The Bottom Line Student loans can be a dangerous thing if you aren't good with money. Trust me. I know.

I was a non-traditional college student. I graduated college when I was 29 years old, and the mother of two children. Thus, my advice is geared towards adult students who are attending school while raising a family.

Like credit cards, student loans can do more harm than good if used incorrectly.

Last week, I got an email from my company’s human resources secretary. My wages are being garnished to pay back my student loans. It has to be one of the most embarrassing situations in my life. How did I get in this mess? It all started rather innocently.

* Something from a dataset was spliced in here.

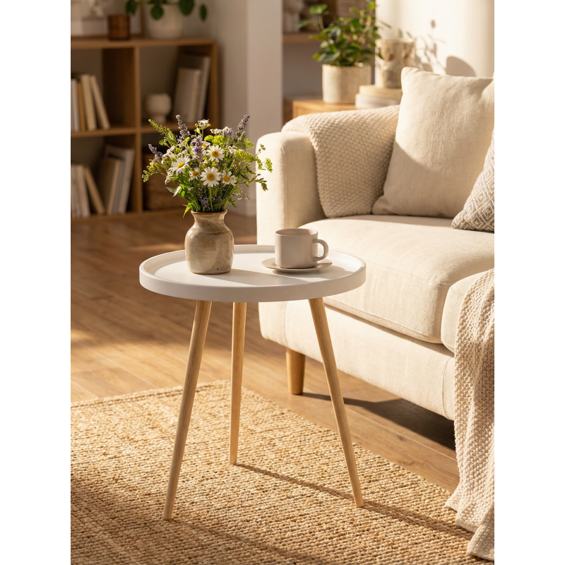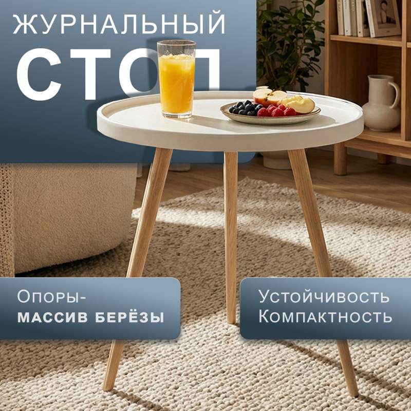 Журнальный стол Келли станет тем самым акцентом, который преобразит ваше пространство! Безупречное качество воплощено в каждой детали: столешница из МДФ толщиной 22 мм радует глаз гладкой поверхностью и приятной текстурой. Скруглённые края обеспечивают безопасность, а нейтральный оттенок гармонично впишется в любой дизайн. Изящная конструкция на ножках из массива берёзы создаёт атмосферу уюта и тепла. Натуральное дерево в сочетании с современным дизайном делает стол по-настоящему уникальным — он не только красив, но и невероятно устойчив.

I started college when my son was 8 months old. My husband was working a minimum-wage job, and I was desperate for a way out of poverty. My husband was a Muslim, and not very keen on the idea of my working, but did not mind my going to college. In Egypt, education is a sign of class, and I guess he thought I could use some.

At first, I relied on grants and scholarships to finance college. I didn’t even consider taking out a student loan. Then, I signed up for a computer course. Because I didn’t have a computer at home, I had to do my programming assignments in the campus lab. This meant I was away from home too much, and my husband wasn’t pleased. He wanted me to quit school, I was desperate to stay in college. Thus, my first student loan financed a home computer.

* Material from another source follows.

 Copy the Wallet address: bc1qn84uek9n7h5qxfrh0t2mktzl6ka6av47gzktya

Subsequent student loans were justified to help finance my husband’s new business, and to help pay our bills. After we split, student loans financed Christmas, paid for a newer computer, and paid back bills. It became all too easy to ignore my bills and then catch up at student loan time. It was an influx of cash that came twice a year that seemed to have no consequences at all. I considered it “income averaging”.

My justification was that I was so poor, that the student loans were borrowing against my future to give the kids and myself some kind of a life. I would simply not lead a lavish lifestyle after I graduated and started working.

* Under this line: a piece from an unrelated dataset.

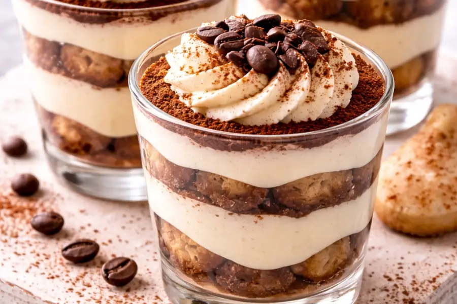 Un postre clásico italiano presentado en formato individual, con capas suaves y bien marcadas que combinan café, crema y cacao.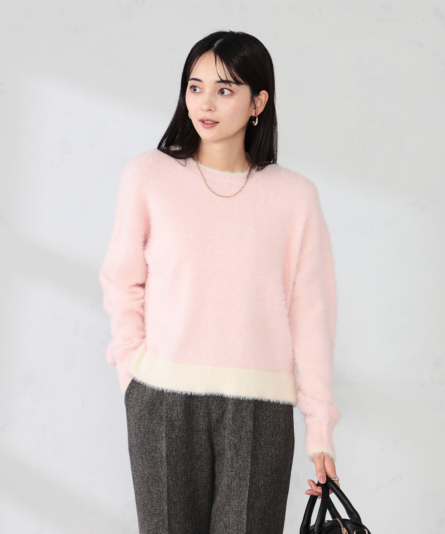 ・フェザーヤーンバイカラーニット

Unfortunately, when I started working, the cash went to my head. Right out of school, I was making more than my father had after 30 years of serving in the military. My coworkers drove new SUV’s, took nice vacations, had large houses, and swimming pools. I was living in an apartment, drove a car that I paid $1 for, and had lousy credit.

I can remember saying to my new husband as we madly spent my paychecks that dammit I made $xx thousand dollars a year, and I should be able to have a decent life!

My decent life just never seemed to include paying my bills.

I have been out of school for five years now. I still don’t own a home, I don’t have a pool, and my credit rating sucks. I spend money that I shouldn’t and my student loans are a tremendous debt hanging over my head. I am certainly not what the United States government had in mind when they dreamed up the Guaranteed Student Loan program.

Student loans are dangerous to people like me. If you are a money addict, and you know who you are, avoid student loans like the plague. If you MUST get a loan, only take out enough money to pay your tuition. College students are supposed to be broke.

“Income averaging” doesn’t work if you don’t have discipline and self control. If you don’t pay your bills now, don’t take the money that the government is dangling before you. Trust me on this one, those loans will only jump up to bite you some day.

The truly sad thing is, I looked at our family budget to see how badly the wage garnishment would hurt us, and discovered that I can still afford to pay our monthly bills even after the government takes that money. I could have paid my loans a bit at a time over the past five years, and still had a decent lifestyle.

Student loans are a great thing for people who need them to pay for school. However, if you can’t handle money, a student loan can be as dangerous as crack cocaine. Listen to somebody who knows.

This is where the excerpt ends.